Young ladies did not lie prone on the rug behind the library’s chesterfield and play chess against themselves.


solid, good read:
I’m very relieved that the standard sent by Annabelle in Bringing Down the Duke was exceeded by Lucie. Even more dedicated to the cause and to remaining independent, the fact that this romance was even slightly believable is impressive.

After our introduction to Tristan in Bringing Down the Duke, I can’t say I was looking forward to him becoming the love interest in A Rogue of One’s Own. He didn’t do much, but the way he was described as a predator who might force his affection was not very promising.

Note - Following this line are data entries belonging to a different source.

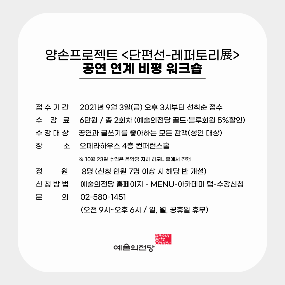 - [예술의전당] 양손프로젝트 10주년 기념 공연 <단편선-레퍼토리展> 공연 연계 비평 워크숍
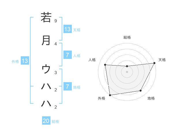 若月 ウハハさんの外格は13画の5点!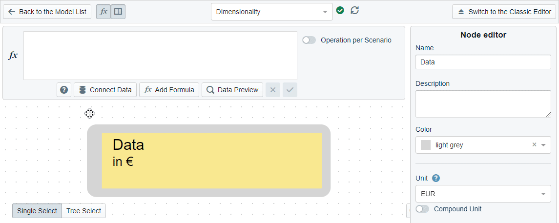 Using the connect data button at the formula ribbon, you can now select the data you want to use using a drop-down menu of all your available data sources.
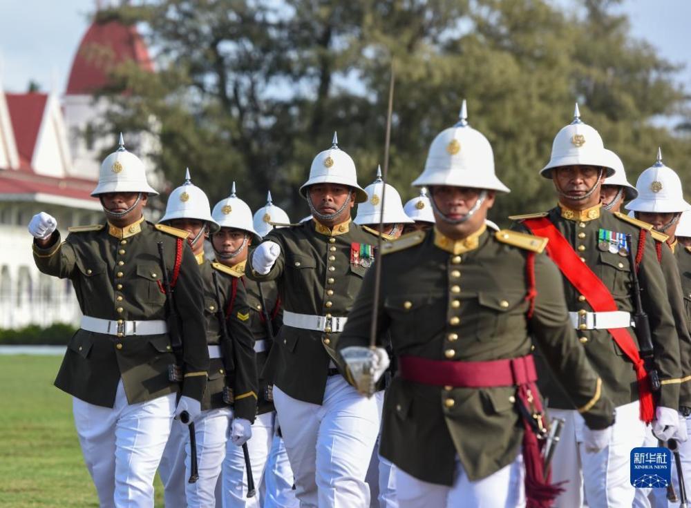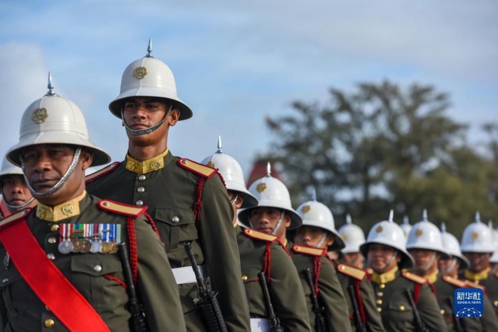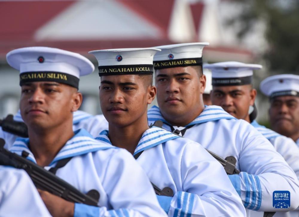 7月4日,军人在汤加首都努库阿洛法参加阅兵式。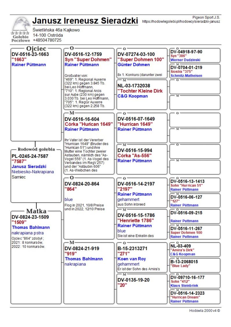 Płeć: samiec Hodowca - rasa: Pigeon Sport J.S. Zakończenie: 1.02.2026 godz. 21:10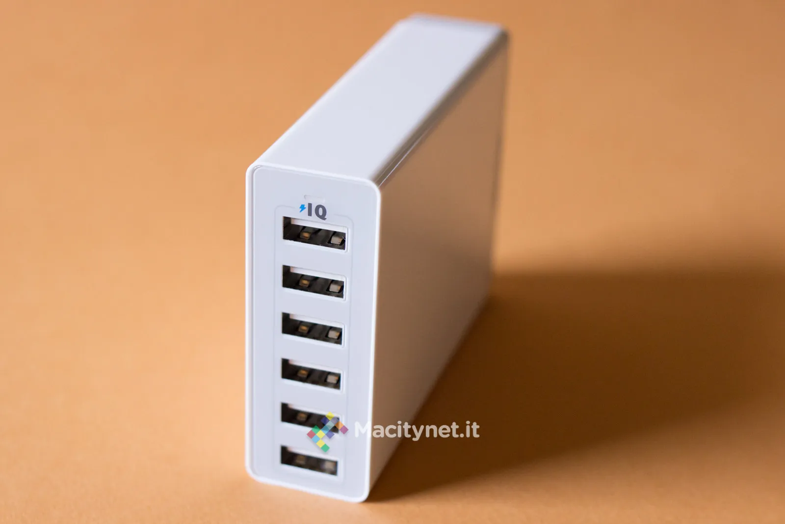 Come accennato, nella tradizione Anker, l’accessorio è in plastica di buona qualità di colore bianco e grigio, una tonalità che si abbina perfettamente sulla scrivania con periferiche come mouse Apple e l’alluminio delle macchine di Cupertino. Sul lato dove andremo a collegare i vari cavi di ricarica degli accessori troviamo solo il simbolo IQ che ci ricorda la presenza dell’omonima tecnologia, un sistema, lo ricordiamo, che è in grado di analizzare il dispositivo connesso e di fornire ad esso sempre la giusta intensità di corrente.
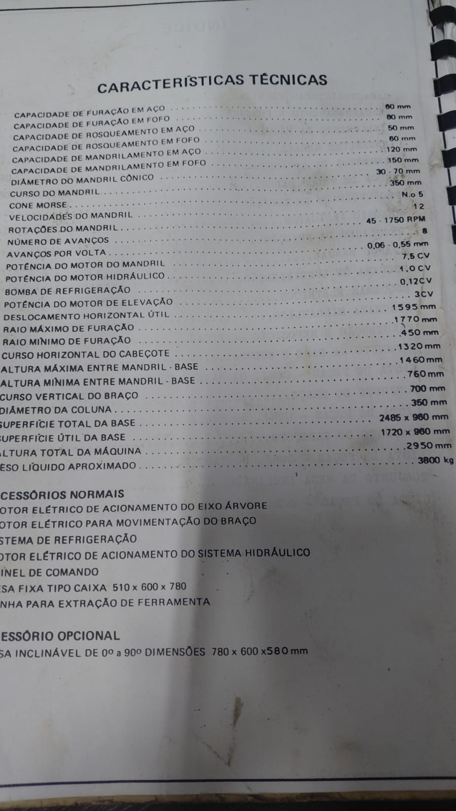 Peso da máquina: 3.800kg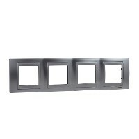 Рамка Schneider Electric UNICA TOP (хром матовый) четырёхместная с алюминиевой декоративной вставкой.
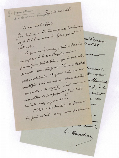 2 autograph letters signed. Paris, 16. V. 1928 and 16. X. 1928. 8vo. Together 3 pp. Both to a clergyman and fellow member of the Académie Française, very likely to be Henri Bremond. In the earlier letter, Hanotaux thanks the recipient for a brochure and talks about the relevance of old research, mentioning a "Rue Royale" and that "Sicily is an invention of professors", comparing it to speculations about the pyramids. In the second part of the letter, he mentions mutual friends including the journalist and critic André Hallays and the journalist and novelist Louis d'Illiers. - In the letter from October, Hantaux announces his return to Paris and promises that he will forward a letter by the recipient concerning a Louis Chaminade from Pons (Charente-Maritime) to the secretariat of both the Institut de France and the Académie Française and recommend Chaminade.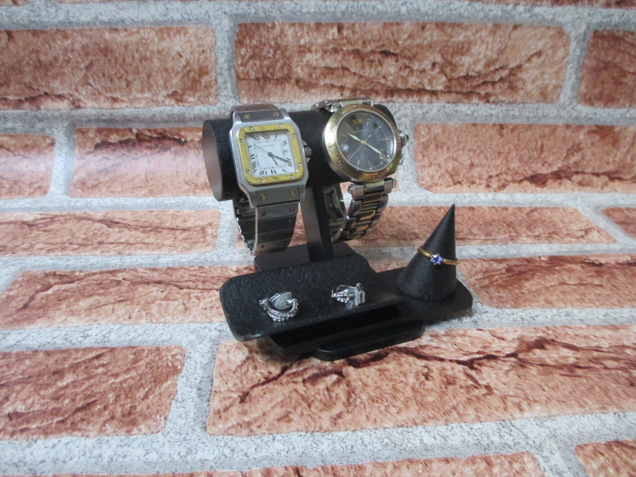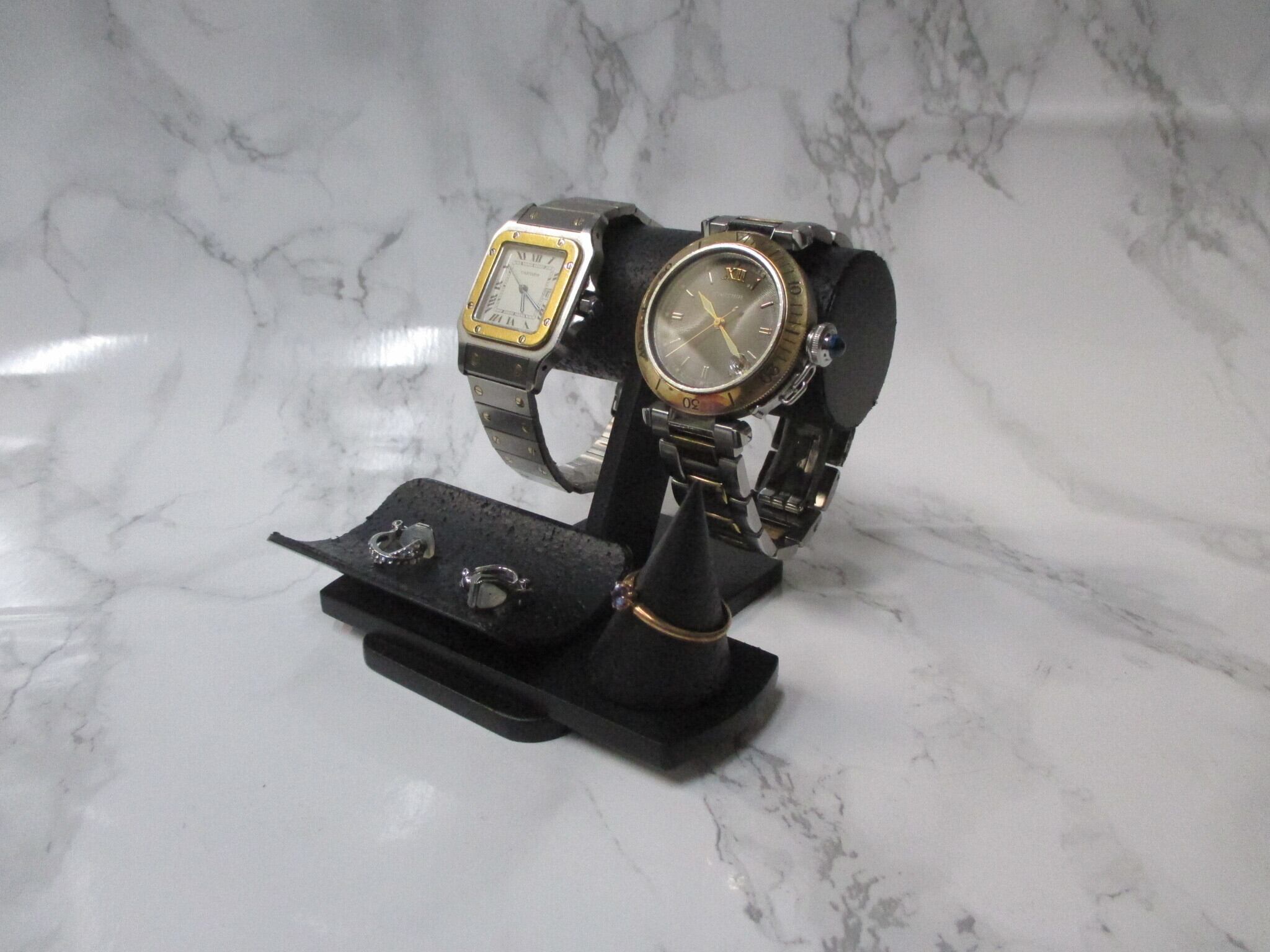 腕時計スタンド 腕時計スタンド 高級 腕時計スタンド おしゃれ 腕時計スタンド 手作り オールブラック細い丸パイプ腕時計スタンド リングスタンド、小物入れ付きトレイ付き れ オールブラック細い丸パイプ腕時計スタンド リングスタンド、小物入れ付きトレイ付き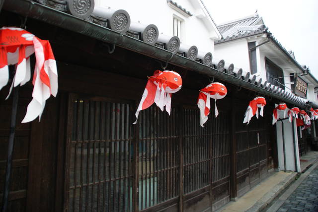 白壁の町並みを散策すると、醤油の蔵の見学ができたり、柳井市の民芸品であるかわいらしい金魚ちょうちんがぶら下がっている光景が見られます。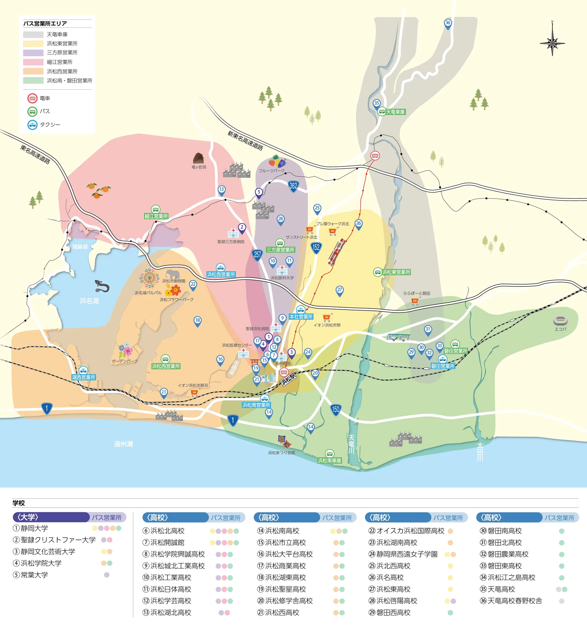 | 浜松東 | 38 | 6,503 | 笠井、高台、蒲、早出、内野台、小沢渡、上島イオン市野、浜北医大聖隷三方 原、秋葉、鹿島 |

It did take me a while to warm up to him because of this, and I don’t think I really relaxed until we had much more back story and context.

I do think A Rogue of One’s Own was a little more convoluted than necessary. The side plots are much more overwhelming this time, and they take up much more space than the romance. While this detracts from the romance, it does actually make A Rogue of One’s Own a bit more interesting. We get to see more of the ‘novel of manners’ side of things rather than just a lot of stolen glances and moments. Lucie is trying to make herself more presentable, a more palatable suffragette, which means parties and conversation and plotting. I think people who go into A Rogue of One’s Own looking for a light romance read will be pretty disappointed; there’s definitely romance, but it is often not the focus.

With a lot more working parts than Bringing Down the Duke, A Rogue of One’s Own has more to offer for those looking for more than a quick romance read.